22.11.1911: Launched by John Duthie Torry Shipbuilding Co Ltd, Aberdeen (Yd.No.364) for Admiralty as *“Esther” *(Ad No.N43). 01.1912: Completed as Survey Vessel but also converted for minesweeping. 1914-1918: Carried out survey duties at Nore Command and at Dover in 1918. 25.09.1919: Transferred to the Customs & Excise Board, London. 1919: Renamed *“VIGILANT”*. 1928: Owned by Swedish Government (registration No 9109 issued.1928: Renamed *“TRITON”*. 1948: Rebuilt as a cargo vessel. 1949: Re-engined; 300 hp Skandia diesel engine fitted. 1959: Owned by Stig H. Bjornhage & Others, Skarhamn, Sweden. 1959: Lengthened to 135.5ft. 1959: Renamed *“INSTO”*. 1962: Re-engined; 330 bhp 4SA 4cyl by A/S Volund. 04.07.1975: Capsized in Marstrand Fjord Sweden. 1975: Scrapped.


----------



## Globetrotter1256 (Dec 17, 2010)

*Triton*



imar said:


> In Sweden we had a ship named Triton Who is beleived to have been built 1912 in Aberdeen as a steem trawler. In the Swedish register she had number 9109. Someone told me that she was built with the name Vigilent. He was not sure if that was correct. After have been sold to Sweden she was working as an inspection ship for the Swedish government before she was rebuilt to a cargo ship in 1948. In 1959 she was renamed to Instön. My probleme is that I dont know who built her and when and I dont know her first name or IMO.
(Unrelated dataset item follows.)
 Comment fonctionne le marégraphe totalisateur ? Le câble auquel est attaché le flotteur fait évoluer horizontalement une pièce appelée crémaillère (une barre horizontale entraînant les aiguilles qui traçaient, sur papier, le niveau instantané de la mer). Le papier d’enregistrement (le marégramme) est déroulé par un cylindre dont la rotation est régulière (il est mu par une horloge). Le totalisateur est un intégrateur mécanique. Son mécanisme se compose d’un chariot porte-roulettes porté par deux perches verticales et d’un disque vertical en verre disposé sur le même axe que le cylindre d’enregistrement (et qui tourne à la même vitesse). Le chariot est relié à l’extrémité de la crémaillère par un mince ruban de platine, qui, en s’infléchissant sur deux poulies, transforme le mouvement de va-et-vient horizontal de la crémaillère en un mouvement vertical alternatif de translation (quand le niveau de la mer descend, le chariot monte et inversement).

This vessel was built in Aberdeen by John Guthie Torry SB Co.
Her first name was "Esther" and used by the Rayal Navy.
IMO 5161873, Yard No. 364
248 tons, LPP 38,3m; Beam 6,9m
1919 handed over to Brit.Gov. as custom control and renamed "Vigilant"
1928 sold to Swed.Gov and renamed "Triton" for custom control
1949 sold to Lennart & Kristernson, homeport Ronnaug, same name
1959 renamed "Insto" Swed.home port Skarham
1974 broken up in Uddevalla
Hope this is a bit of help to you


----------



## aavh (Apr 6, 2006)

Thanks for the info


----------



## imar (Dec 6, 2013)

My information says that Instö Capsized on 4th July 1974 at Marstrand fjord. She was sold by the Insurance company on July 29th for 15000 SEK to Torsten Johannisson in Gothenburg who started scrapping her up in August 1974 at Ringön in Gothenburg. When she capsized she was on journey from Uddevalla to Marstrand, loaded with iron plates. Unfortunately 3 men died when she capsized.


----------



## aavh (Apr 6, 2006)

Thanks to all for info. I must have made a typo on the date.


----------



## limeybiker (Dec 8, 2007)

http://waterline-ships.com/index.php?main_page=product_info&cPath=3&products_id=14858
Model for sale of HMS Esther


----------



## imar (Dec 6, 2013)

Limeybiker, do you have a better picture of the model of HMS Esther?


----------



## imar (Dec 6, 2013)

I wonder about the information that Triton Instö should have been lengthned in 1959. I cant find that info in Sweden. Where does it come from???


----------